In una sua riflessione questa idea ha radici ancora più profonde: «Nell’essere donna, ciò che è amore servizievole; non è un’immagine appropriata della divinità? Amore servizievole significa aiutare tutte le creature a giungere alla perfezione. Ebbene, tale è l’ufficio dello Spirito santo. Conseguentemente, nello spirito di Dio che si sparge su tutte le creature, potremmo vedere il prototipo dell’essere femminile. La sua immagine più perfetta la troviamo nella purissima Vergine (...); a lei più vicine sono le vergini consacrate (...). Sono sua immagine anche quelle donne che stanno accanto a un uomo che è immagine di Cristo, e che edificano il suo corpo, la Chiesa, attraverso la maternità fisica e spirituale» (Probleme der neueren Mädchenbildung).

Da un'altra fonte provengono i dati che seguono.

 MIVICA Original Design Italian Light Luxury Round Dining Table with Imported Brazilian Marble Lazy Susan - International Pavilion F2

Così, in modo del tutto inaspettato, si ritrova la poetessa nella filosofa, la donna credente nella pensatrice. Vivere a partire dal proprio cuore è la qualità dello spirito, dello Spirito santo, ed Edith Stein vede in questa persona divina l’immagine originale dell’essere donna. Cuore ed essere donna sono uniti tra loro in una terza entità, lo Spirito Santo.
Non vi è alcun dubbio che, nell’affrontare tali concetti, Edith Stein vada oltre il semplice significato-evento che (già di per sé) fa saltare i metodi e i confini della fenomenologia. Non lo prende come una cosa neutrale per quanto riguarda i fatti, ma come l’emergere di un potere personale. Ovviamente le catene dell’ego individuale vengono efficacemente sciolte da ciò attraverso una «pienezza che proviene d’altrove» (Natur und Gnade).

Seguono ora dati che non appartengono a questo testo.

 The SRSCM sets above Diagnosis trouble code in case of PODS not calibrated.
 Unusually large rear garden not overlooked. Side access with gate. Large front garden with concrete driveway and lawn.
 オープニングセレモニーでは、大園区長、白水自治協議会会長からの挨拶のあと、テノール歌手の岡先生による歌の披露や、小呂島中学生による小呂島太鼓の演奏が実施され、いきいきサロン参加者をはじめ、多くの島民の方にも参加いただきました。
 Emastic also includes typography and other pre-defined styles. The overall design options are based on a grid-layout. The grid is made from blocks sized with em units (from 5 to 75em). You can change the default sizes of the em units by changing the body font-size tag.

Proprio perché si tratta di una questione di potere personale, costituisce il suo corrispondente come persona. Ciò significa che esige una risposta: «Questo è il grande segreto della libertà personale davanti a cui Dio si arresta al fine di consentirlo. Egli vuole poter regnare sullo spirito creato solo come dono liberamente offerto dell’amore di quello spirito» (Kreuzeswissenschaft). Viene così descritto in modo esplicito un processo di reciprocità. Fintanto che il significato-evento rimane un “esso”, ha solo un carattere violento, depotenziante. Ma se giunge come “tu”, dischiude la possibilità di un amore libero, reciproco. L’essere umano riecheggia Dio, ma anche Dio riecheggia l’essere umano. Il solo avvicinarsi a immaginare ciò è, di fatto, un significato-evento che porta all’insondabile.

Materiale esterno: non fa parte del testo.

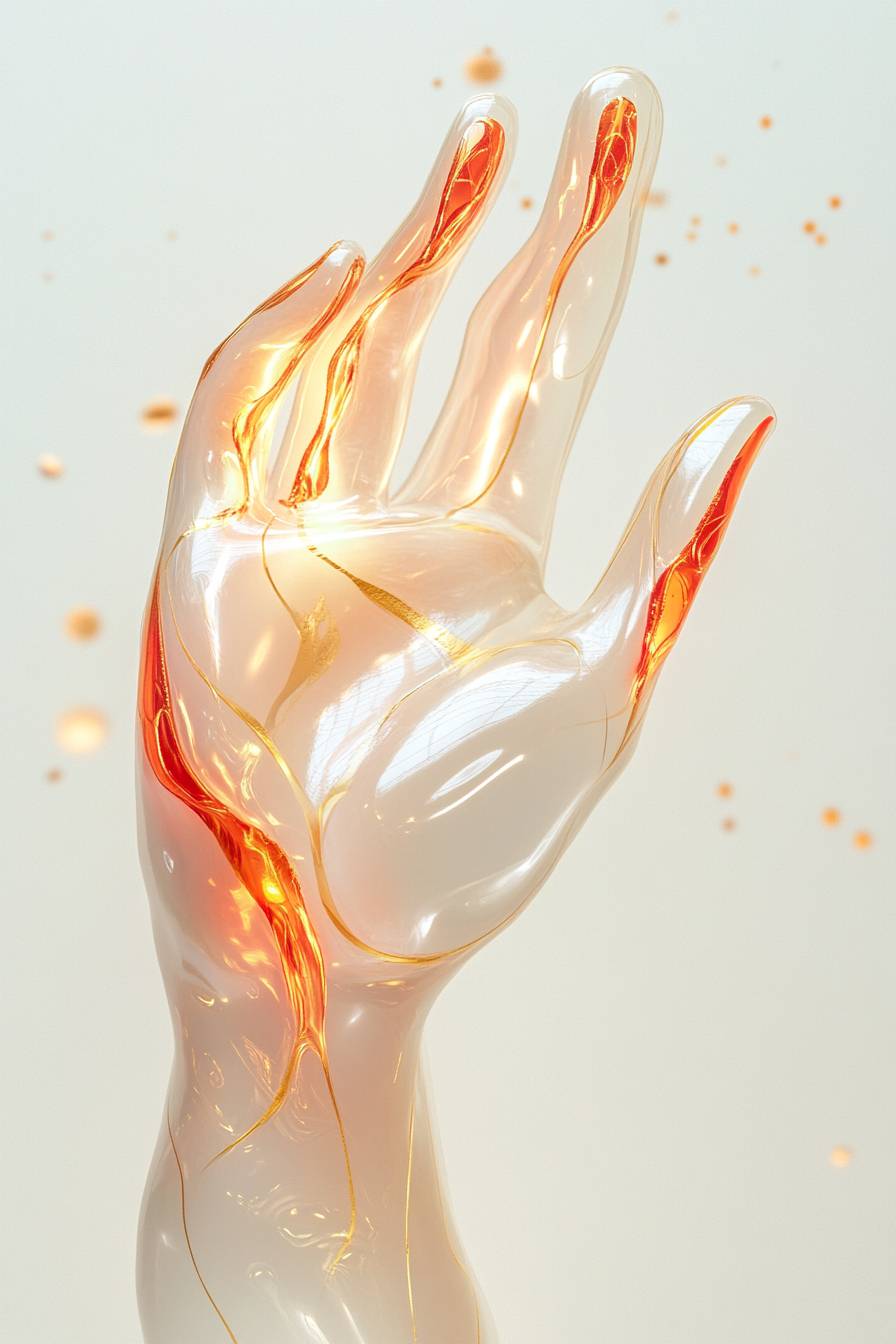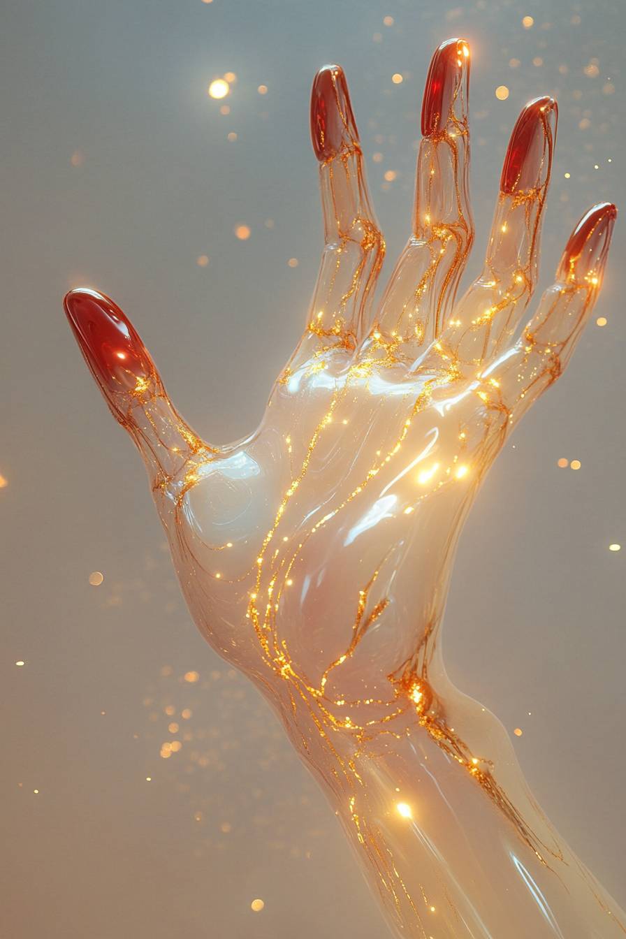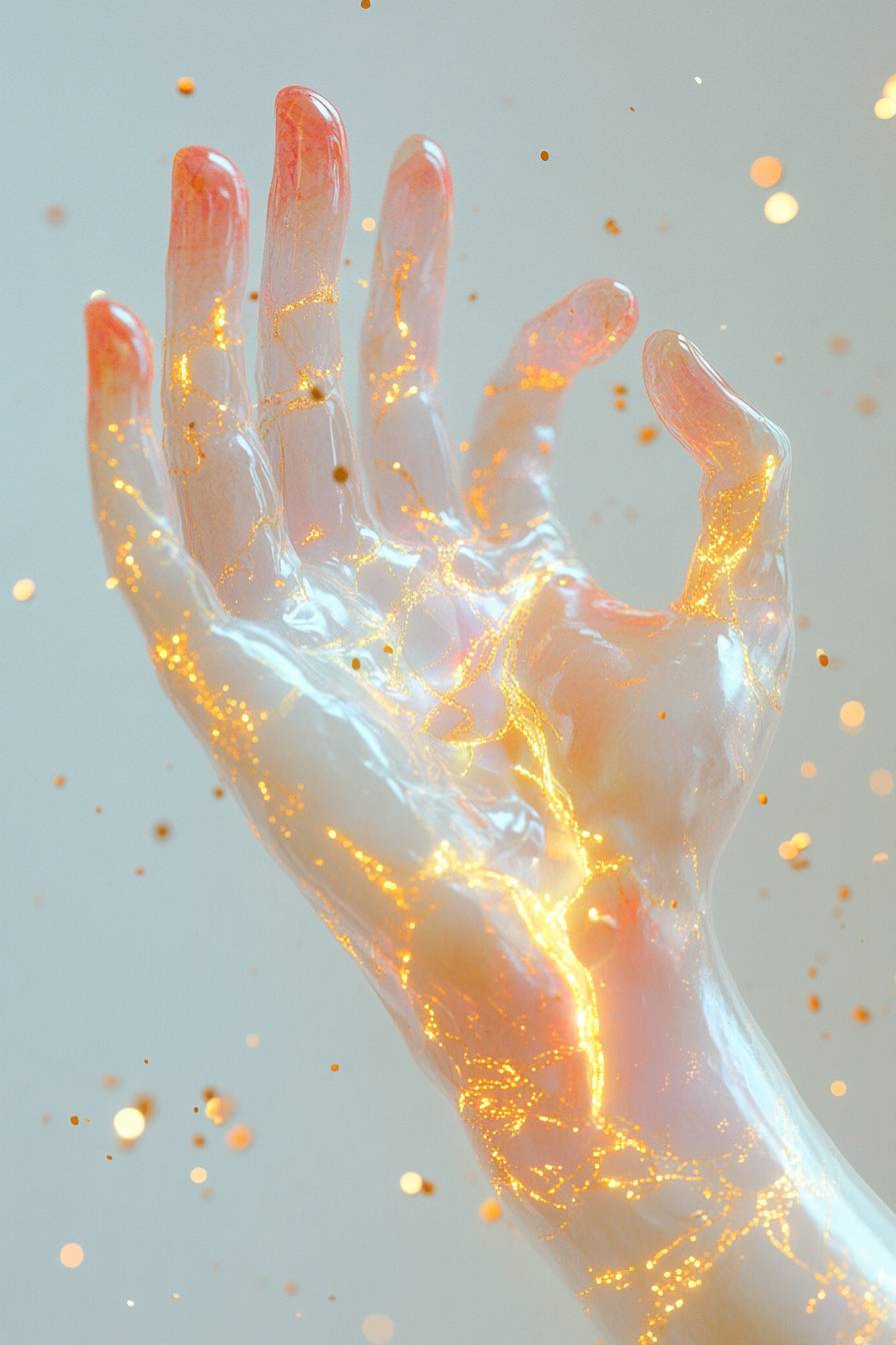 Uma mão sintética levantada em um gesto meditativo, composta de um material semitranslúcido liso com sutis inserções douradas e acentos brilhantes em vermelho e dourado.

In sintesi: «Nel nascondimento e nel silenzio si compie l’opera di salvezza. Nel silenzioso dialogo del cuore con Dio vengono preparati gli elementi vivi dai quali cresce il regno di Dio, vengono forgiati gli eccellenti strumenti che aiutano a innalzare l’edificio» (cfr. Das Gebet der Kirche). In altri termini: «Il giorno in cui Dio arriverà ad avere potere illimitato sul nostro cuore, anche noi arriveremo ad avere potere illimitato sul suo cuore».